> **WHAT IS REQUIRED**:
Beginning with the line that contains "Multilayers of hydrogenated" and ending with the last line of the records, write out each line exactly and omit the pictures.

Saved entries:
BEGIN

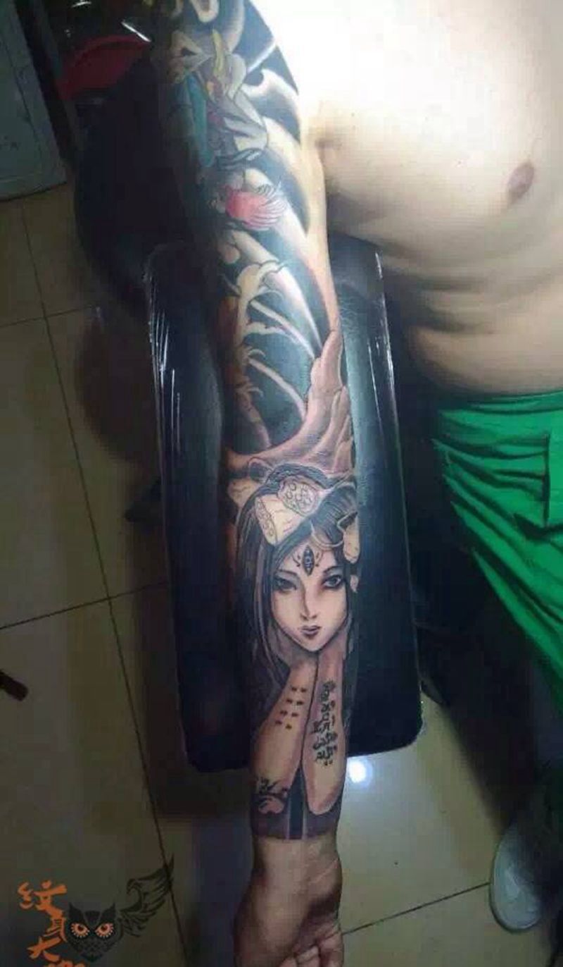 当前位置: 首页 >北京市纹身店-北京花刺纹身工作室纹身图案>作品接花臂未完成纹身图片_
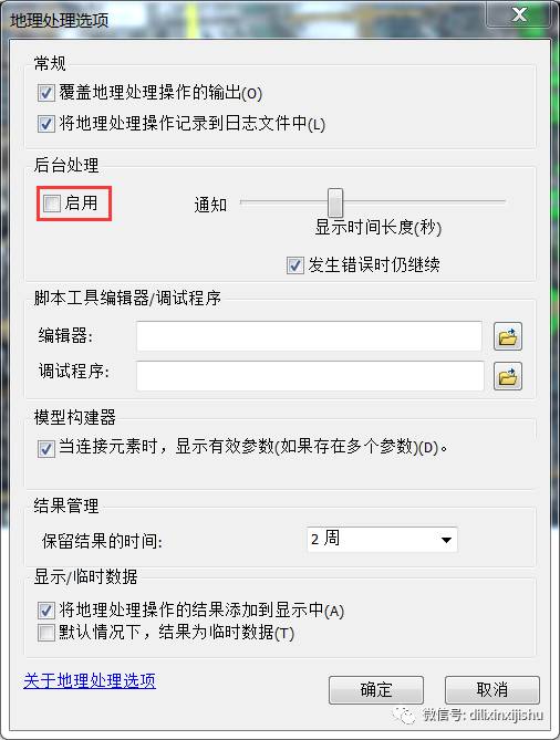 [2]弹出【地理处理选项】窗口,取消勾选后台处理下的【启用】,如下图,单击【确定】关闭窗口;
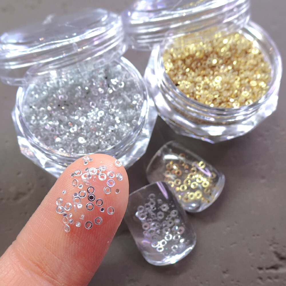 역대급으로 작은 1.2mm 사이즈의 글레이즈 시퀸 글리터입니다. 실물 정말 영롱하고 귀여워요 ♡˖°
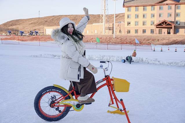 在京城什刹海体验过冰上自行车的快乐,又来这里体验升级版雪地自行车,男女老少皆宜,运动都乐趣值得体验~
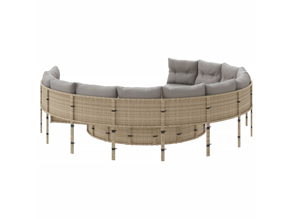Zahradní pohovka s poduškami kulatá béžová polyratan 3318542
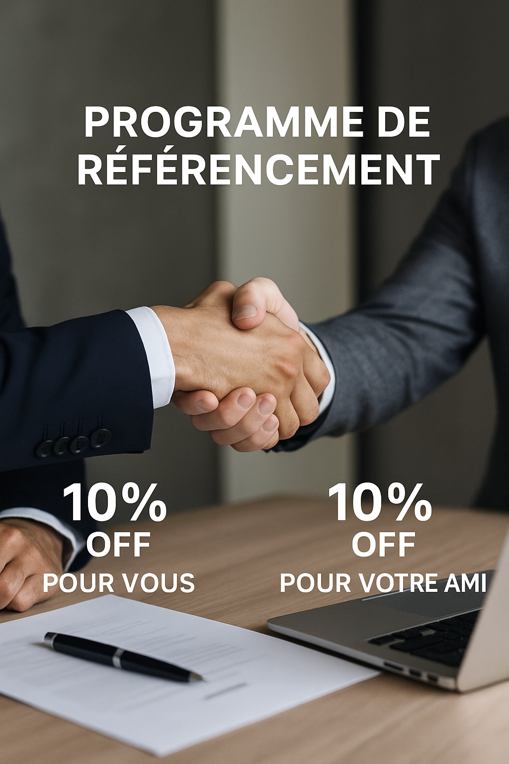 La remise de 10 % sera remise en argent (virement, chèque ou autre mode convenu), une fois que la facture du nouveau client est payée en totalité. Nous vous contacterons directement avec les instructions pour la réception de votre récompense.
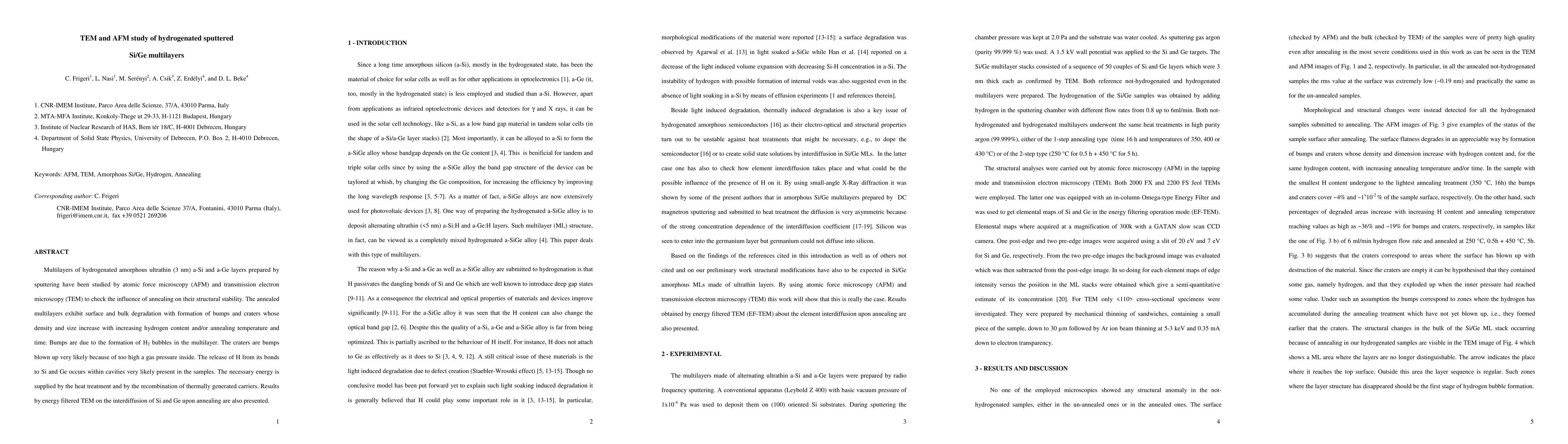 Multilayers of hydrogenated ultrathin (3 nm) amorphous a-Si and a-Ge layers prepared by sputtering have been studied by atomic force microscopy (AFM) and transmission electron microscopy (TEM) to check the influence of annealing on their structural stability. The annealed multilayers exhibit surface and bulk degradation with formation of bumps and craters whose density and size increase with increasing hydrogen content and/or annealing temperature and time. Bumps are due to the formation of H2 bubbles in the multilayer. The craters are bumps blown up very likely because of too high a gas pressure inside. The release of H from its bonds to Si and Ge occurs within cavities very likely present in the samples. The necessary energy is supplied by the heat treatment and by the recombination of thermally generated carriers. Results by energy filtered TEM on the interdiffusion of Si and Ge upon annealing are also presented.
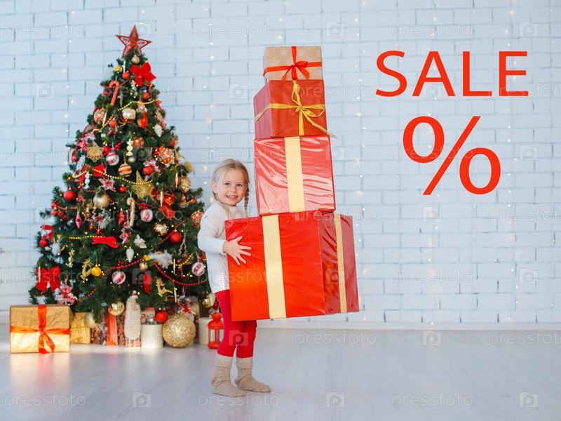 Маленькая девочка держит в руках башню из красных подарочных коробок на рождественском фоне белой кирпичной стены и украшенного

END

> **EXERCISE RESULT**:
 Multilayers of hydrogenated ultrathin (3 nm) amorphous a-Si and a-Ge layers prepared by sputtering have been studied by atomic force microscopy (AFM) and transmission electron microscopy (TEM) to check the influence of annealing on their structural stability. The annealed multilayers exhibit surface and bulk degradation with formation of bumps and craters whose density and size increase with increasing hydrogen content and/or annealing temperature and time. Bumps are due to the formation of H2 bubbles in the multilayer. The craters are bumps blown up very likely because of too high a gas pressure inside. The release of H from its bonds to Si and Ge occurs within cavities very likely present in the samples. The necessary energy is supplied by the heat treatment and by the recombination of thermally generated carriers. Results by energy filtered TEM on the interdiffusion of Si and Ge upon annealing are also presented.
 Маленькая девочка держит в руках башню из красных подарочных коробок на рождественском фоне белой кирпичной стены и украшенного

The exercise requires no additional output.